DATA EXTRACT:
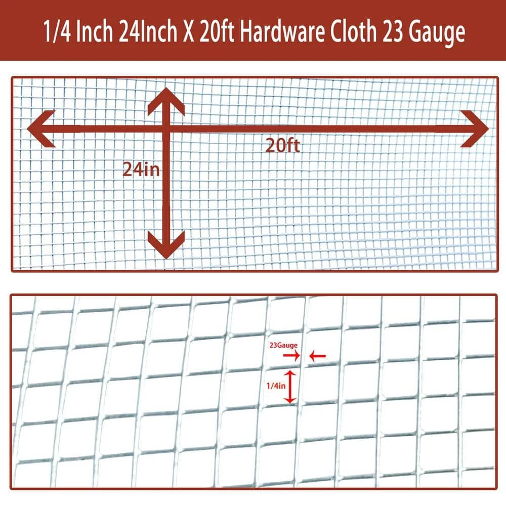 - Product size: this product size is 1/4 in. hole, 23-gauge 24 in. x 20 ft, please purchase the appropriate width and mesh according to your needs, so as not to delay your use, we use hot galvanizing process, which can be used outdoors for a long time and is not easy to rust, you can rest assured with our galvanized wire mesh rolls
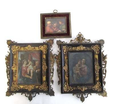 Including painting of three gentleman within a velvet and gilt metal frame, and pair of religious scenes within gilt metal and molded wood frames.
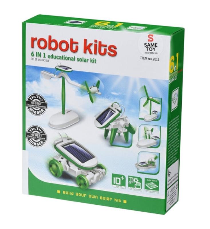Same Toy Солнцебот 6 в 1 Робот-конструктор Same Toy Солнцебот 6 в 1 на солнечной батарее - это прекрасная развивающая игрушка для Вашего ребенка. Из конструктора можно собрать шесть различных моделей. Все эти модели способны передвигаться, так как работают на солнечной энергии (от солнечных панелей). Для сборки не требуется никаких винтиков, отверток и прочих дополнительных инструментов - все уже есть в комплекте. Для удобства сборки рекомендуется использовать маленькие кусачки. Для нормальной работы игрушек требуется солнечная погода. Направленная на солнце панель принимает на себя солнечную энергию и преобразовывает ее в электрическую, заставляя вращаться двигатель. Все детали конструктора изготовлены из качественных материалов - пластик, металл, поликристаллические пластины, медные провода, пружинные механизмы. Даже родителям будет чем заняться и поиграть с ребенком. Такая игрушка развивает мелкую моторику ребенка, повышает его интеллект и учит альтернативным источникам энергии. Преимущества конструктора: - электромеханический конструктор увлечет Вашего малыша в технической сфере; - возможность создать до 6 различных моделей; - движущиеся модели питаются от солнечной энергии; - инструкция с картинками поможет Вам весело собирать модели; - игрушка-конструктор не только для малыша, то так же и для взрослого.
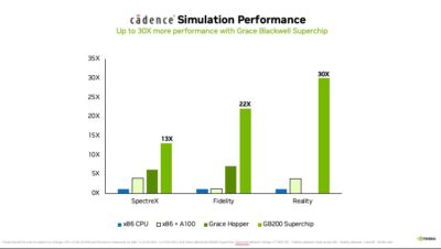 But that’s changing. The Cadence SpectreX simulator is one example of an analog circuit design solver. SpectreX circuit simulations are projected to run 13x quicker on a GB200 Grace Blackwell Superchip — which connects Blackwell GPUs and Grace CPUs — than on a traditional CPU.
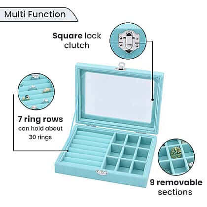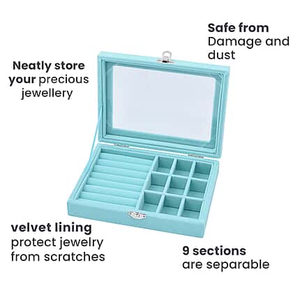 Velvet Jewellery Box- Ring - 9 Sections Box, Glass Window with Steel Colour Lock (Size 20x15x4 cm) - Sky Blue
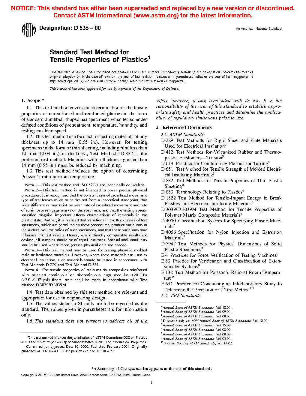 Note 1: This standard and ISO 527-1 address the same subject matter, but differ in technical content.
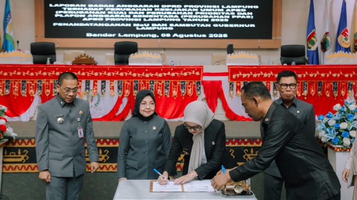 Penandatanganan dilakukan Wakil Gubernur Lampung Jihan Nurlela dan Wakil Ketua I DPRD Provinsi Lampung Kostiana dalam Rapat Paripurna Lanjutan di Ruang Sidang Paripurna DPRD Provinsi Lampung, Jum’at (8/8/2025).
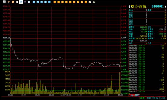 盘面概况:大盘综合指数收于1229.80,跌24.46点,跌幅1.95%,成交额3.96亿元。大盘今日开盘直线下行,昨日的震荡红盘没能起到企稳作用,这一点确实是让笔者感到费解,笔者不禁要想大盘开盘就跌的动机在哪?说实话大盘今天的走势有点莫名其妙,一路震荡下行直至收盘,盘中无任何反弹,整体表现非常弱势,如果说是延续前期下行趋势那也不该这样毫无抵抗的就大跌1.95%,而且还是在业内整体环境不错的情况之下,如果是这样的话,那么短期后市将再次难以有好的操作机会,继续震荡探底的可能较大。
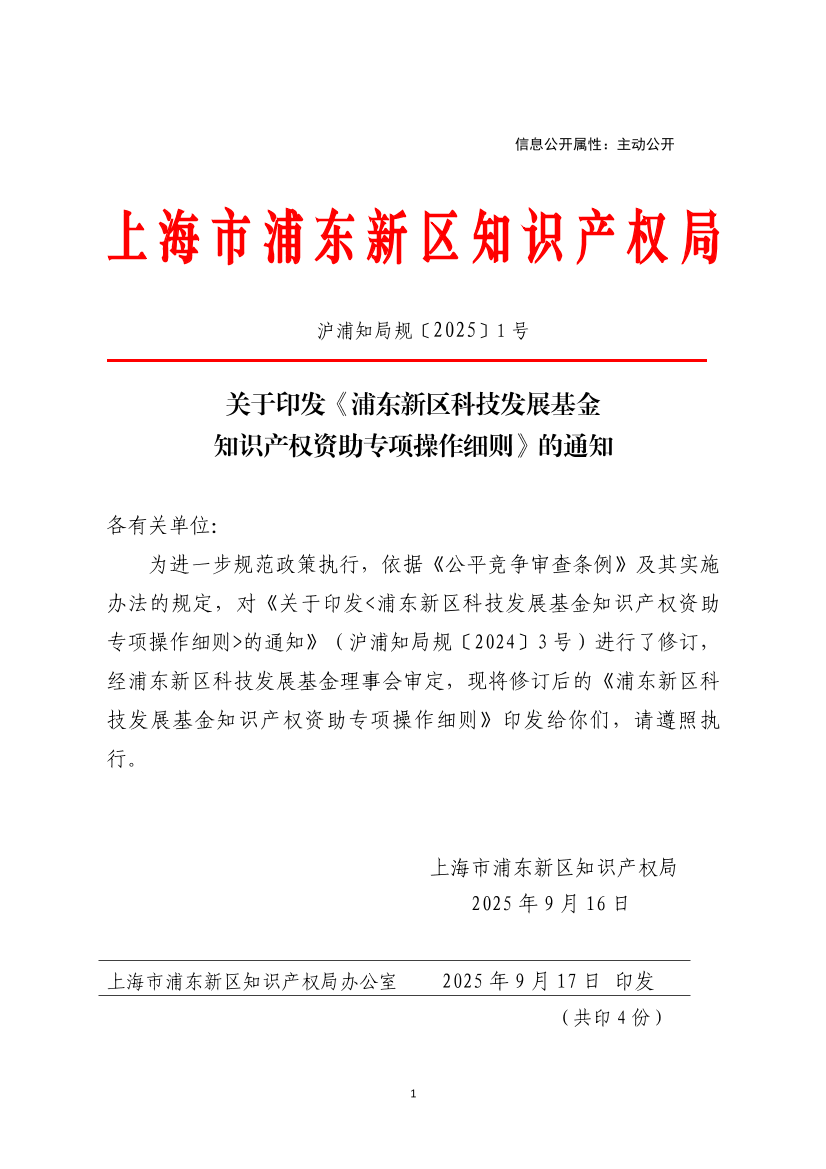 ??為進一步規(guī)范政策執(zhí)行,依據(jù)《公平競爭審查條例》及其實施辦法的規(guī)定,對《關(guān)于印發(fā)<浦東新區(qū)科技發(fā)展基金知識產(chǎn)權(quán)資助專項操作細則>的通知》(滬浦知局規(guī)〔2024〕3號)進行了修訂,經(jīng)浦東新區(qū)科技發(fā)展基金理事會審定,現(xiàn)將修訂后的《浦東新區(qū)科技發(fā)展基金知識產(chǎn)權(quán)資助專項操作細則》印發(fā)給你們,請遵照執(zhí)行。

TO DO: The records above must be echoed exactly, minus their pictures.

TASK ANSWER:
 - Product size: this product size is 1/4 in. hole, 23-gauge 24 in. x 20 ft, please purchase the appropriate width and mesh according to your needs, so as not to delay your use, we use hot galvanizing process, which can be used outdoors for a long time and is not easy to rust, you can rest assured with our galvanized wire mesh rolls
 Including painting of three gentleman within a velvet and gilt metal frame, and pair of religious scenes within gilt metal and molded wood frames.
Same Toy Солнцебот 6 в 1 Робот-конструктор Same Toy Солнцебот 6 в 1 на солнечной батарее - это прекрасная развивающая игрушка для Вашего ребенка. Из конструктора можно собрать шесть различных моделей. Все эти модели способны передвигаться, так как работают на солнечной энергии (от солнечных панелей). Для сборки не требуется никаких винтиков, отверток и прочих дополнительных инструментов - все уже есть в комплекте. Для удобства сборки рекомендуется использовать маленькие кусачки. Для нормальной работы игрушек требуется солнечная погода. Направленная на солнце панель принимает на себя солнечную энергию и преобразовывает ее в электрическую, заставляя вращаться двигатель. Все детали конструктора изготовлены из качественных материалов - пластик, металл, поликристаллические пластины, медные провода, пружинные механизмы. Даже родителям будет чем заняться и поиграть с ребенком. Такая игрушка развивает мелкую моторику ребенка, повышает его интеллект и учит альтернативным источникам энергии. Преимущества конструктора: - электромеханический конструктор увлечет Вашего малыша в технической сфере; - возможность создать до 6 различных моделей; - движущиеся модели питаются от солнечной энергии; - инструкция с картинками поможет Вам весело собирать модели; - игрушка-конструктор не только для малыша, то так же и для взрослого.
 But that’s changing. The Cadence SpectreX simulator is one example of an analog circuit design solver. SpectreX circuit simulations are projected to run 13x quicker on a GB200 Grace Blackwell Superchip — which connects Blackwell GPUs and Grace CPUs — than on a traditional CPU.
 Velvet Jewellery Box- Ring - 9 Sections Box, Glass Window with Steel Colour Lock (Size 20x15x4 cm) - Sky Blue
 Note 1: This standard and ISO 527-1 address the same subject matter, but differ in technical content.
 Penandatanganan dilakukan Wakil Gubernur Lampung Jihan Nurlela dan Wakil Ketua I DPRD Provinsi Lampung Kostiana dalam Rapat Paripurna Lanjutan di Ruang Sidang Paripurna DPRD Provinsi Lampung, Jum’at (8/8/2025).
 盘面概况:大盘综合指数收于1229.80,跌24.46点,跌幅1.95%,成交额3.96亿元。大盘今日开盘直线下行,昨日的震荡红盘没能起到企稳作用,这一点确实是让笔者感到费解,笔者不禁要想大盘开盘就跌的动机在哪?说实话大盘今天的走势有点莫名其妙,一路震荡下行直至收盘,盘中无任何反弹,整体表现非常弱势,如果说是延续前期下行趋势那也不该这样毫无抵抗的就大跌1.95%,而且还是在业内整体环境不错的情况之下,如果是这样的话,那么短期后市将再次难以有好的操作机会,继续震荡探底的可能较大。
 ??為進一步規(guī)范政策執(zhí)行,依據(jù)《公平競爭審查條例》及其實施辦法的規(guī)定,對《關(guān)于印發(fā)<浦東新區(qū)科技發(fā)展基金知識產(chǎn)權(quán)資助專項操作細則>的通知》(滬浦知局規(guī)〔2024〕3號)進行了修訂,經(jīng)浦東新區(qū)科技發(fā)展基金理事會審定,現(xiàn)將修訂后的《浦東新區(qū)科技發(fā)展基金知識產(chǎn)權(quán)資助專項操作細則》印發(fā)給你們,請遵照執(zhí)行。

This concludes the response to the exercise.